IL-34 induces Netrin-1 and b-FGF RNA expression. (A) Serum-starved normal fibroblasts (NFs) were treated with IL-34 (50 ng/mL) for 6 h and Igf1; Igf2, Tgf-α, Hgf, Netrin-1 and b-FGF RNA transcripts were analyzed by real-time PCR; levels were normalized to β-Actin and data were expressed as mean ± SEM of six experiments in which cells of six patients were analyzed. (B) CAFs were transfected with either negative control antisense oligonucleotide (NCAS) or IL-34 antisense oligonucleotide (IL-34 AS) for 24 h and Igf1; Igf2, Tgf-α, Hgf, Netrin-1 and b-FGF RNA transcripts were analyzed by real-time PCR; levels were normalized to β-Actin and data were expressed as mean ± SEM of six experiments in which cells of six patients were analyzed.

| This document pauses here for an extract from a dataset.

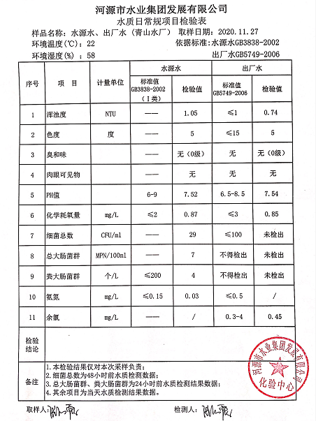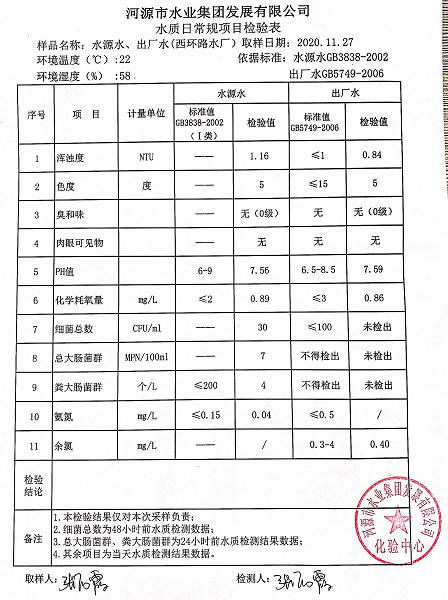 2020年11月27日水質(zhì)檢驗(yàn)報(bào)告

UNST = unstimulated.

Figure 7

IL-34 induces Netrin-1 and b-FGF protein expression. (A) Serum-starved normal fibroblasts (NFs) were treated with IL-34 (50 ng/mL) for 24 h. Netrin-1 and β-Actin were evaluated by Western blotting. One of three independent experiments, in which cells of three patients were analyzed, is shown. Right panel shows the quantitative analysis of Netrin-1/β-Actin ratio. Values are expressed in arbitrary units (a.u.) and indicate mean ± SEM. Uncropped Western Blots images are available in Figure S5. (B) Serum-starved NFs were treated with IL-34 (50 ng/mL) for 48 h and b-FGF was evaluated in cell-free supernatants by ELISA. Values are expressed in arbitrary units (a.u.) and indicate mean ± SEM of six experiments in which cells of six patients were analyzed. C-D. CAFs were transfected with either negative control antisense oligonucleotide (NCAS) or IL-34 antisense oligonucleotide (IL-34 AS) for 24 h, and Netrin-1 and β-Actin (C) or b-FGF and β-Actin (Uncropped Western Blots images are available in Figure S6) (D) were evaluated by Western blotting. Right panels show the quantitative analysis of Netrin-1/β-Actin (C) or b-FGF /β-Actin (D) ratio, and values are expressed in arbitrary units (a.u.) and indicate mean ± SEM (Uncropped Western Blots images are available in Figure S7). One of three independent experiments, in which cells of three patients were analyzed, is shown. UNST = unstimulated.